Подвигая лампу но мере того, как человек подвигался, я заметил, что он тепло, хотя и просто одет — точно морской путешественник; что у него длинные, седые волосы; что ему лет около шестидесяти; что он мускулистый человек, крепкий на ногах, и что лицо у него загорело и обветрело от долгаго прерывания на открытом воздухе. Когда он поднялся на последнюю площадку, и свет моей лампы озарил нас обоих, я увидел с каким-то тупым удивлением, что он протягивает мне обе руки.
— Скажите, пожалуйста, какое у вас до меня дело? — спросил я его.
— Какое дело? — повторил он, остановившись. — Ах! да! я обясню, в чем мое дело, с вашего позволения.
— Вы желаете войти ко мне?
— Да, — отвечал он;- я желаю войти к вам, господин.

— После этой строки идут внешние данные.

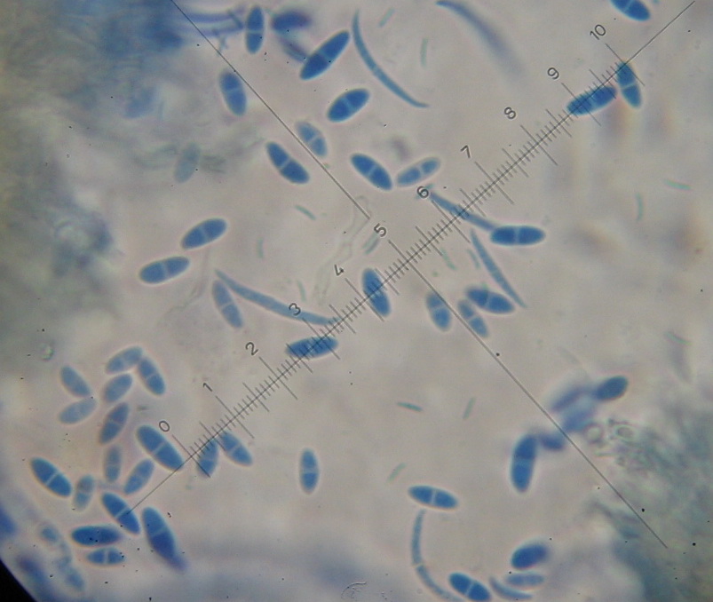 Sporengröße:25-32 x3 µ / 0-3x septiert, gebogen- abgeknickt.
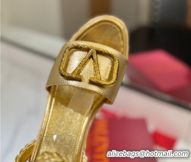 Grade Quality Valentino VLogo Grainy Calfskin Wedge Sandals 9cm Gold-Tone 2025 VA082113 821124
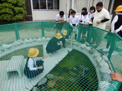 飼育委員会が、今年からカメの世話を行ってくれています。カメの餌やりをしたり、時々カメの散歩をしたり、とても楽しそうです。
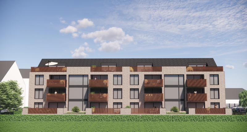 Splendide nouveau bâtiment composé d'un grand parking, de 12 appartements de standing avec terrasse et/ou balcon, le tout dans un cadre champêtre et verdoyant sur la Commune d'Aywaille.
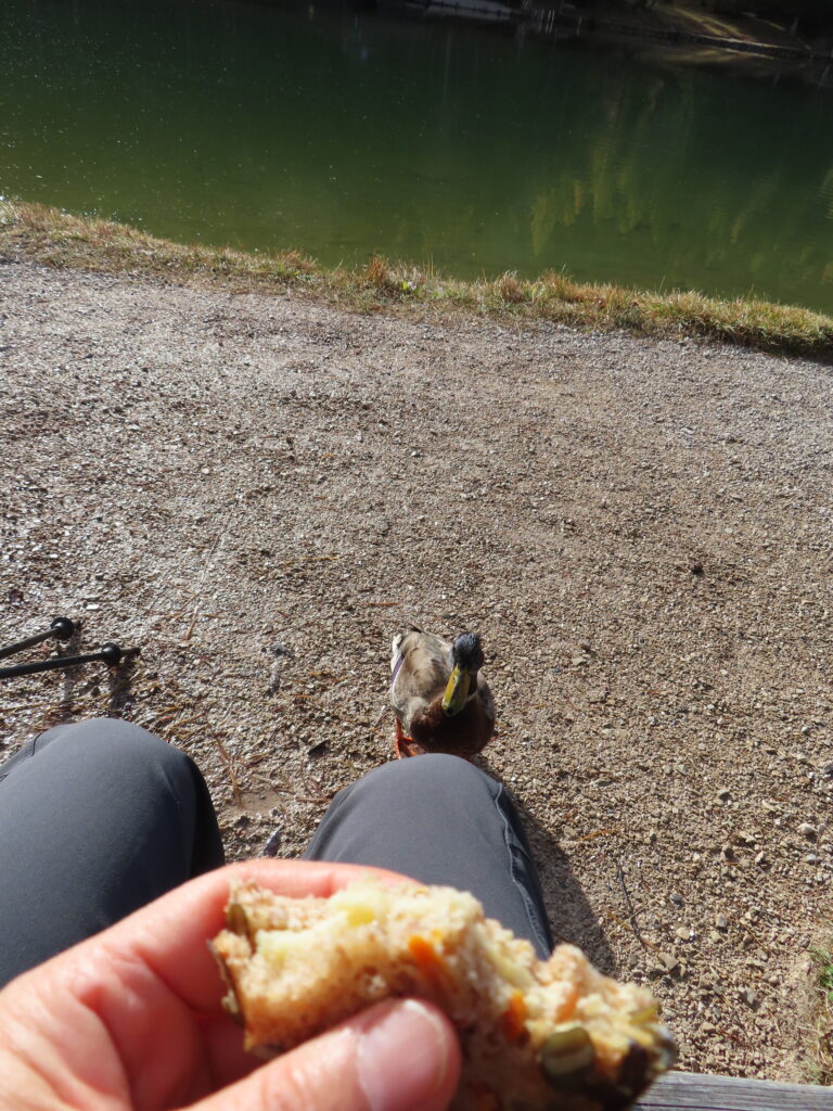 帰りの電車を調べる。時間が十分にあるのでここで景色を眺めながら残っているサンドイッチを食べることに。どっこい鴨が期待の眼差しでやってきたので、早々に引き上げることに。鴨や水鳥にパンをやると彼らのためにならない。パンには大した栄養がないのだが、胃の中で膨らみ満腹になってしまい、本来必要な水草などを食べなくなる。結果鳥の寿命を縮めるので、ドイツでは本来禁止されているのだが、そこまで考えない人間は多い。
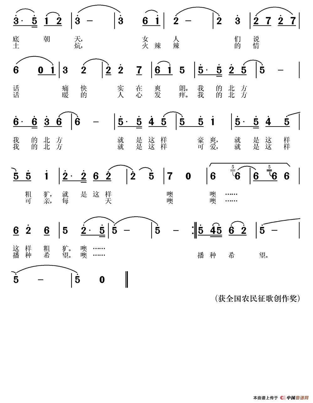 关于《我的北方》曲谱的评论
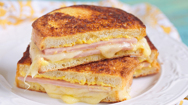 The process for making these sandwiches is similar to that of grilled cheese. First, you slather one slice of bread with mayo and the other with mustard. Then you arrange your meat and cheese between the slices and dip the whole sandwich in a mixture of eggs, milk, salt, and cinnamon or nutmeg. After you've melted a little butter in a skillet, fry the sandwich for a few minutes on each side until it's golden brown, just like you would with a grilled cheese. Typically, the sandwiches are then topped with powdered sugar and served with a side of jam or honey.

Я задал этот вопрос довольно негостеприимно, потому что меня сердило довольное и сияющее выражение его лица. Я сердился потому, что он как будто ждал, что я отвечу ему тем же. Но я провел его в комнату, из которой только что вышел, и, поставив лампу на стол, попросил его обясниться гк вежливо, как только мог.
Он озирался с странным видом — с видом удовольствия, точно он был причастен к тому, что видел вокруг себя и чем восхищался, — и затем снял толстое пальто и шляпу. Тогда я увидел, что его голова облысела, и что длинные, седые волосы были очень редки. Но я все-таки ничего не заметил, что бы мне обяснило, кто он. Напротив того, я очень удивился, что он снова протягивает мне обе руки.
— Что это значит? — спросил я, подозревая, что он с ума сошел.
Он отвел глаза от меня и медленно потер голову правою рукой.
— Обидно так-то для человека, — начал он грубым, хриплым голосом, — когда он прибыл издалека и нарочно; но вы в этом не виноваты — да и никто не виноват. Я сейчас обяснюсь. Дайте минуту срока.
Он сел в кресло, стоявшее перед камином, и закрыл лоб большой, смуглой жилистой рукой. Я внимательно поглядел на него и почувствовал к нему отвращение; но не узнал его.
— Здесь никого нет? — спросил он, озираясь через плечо.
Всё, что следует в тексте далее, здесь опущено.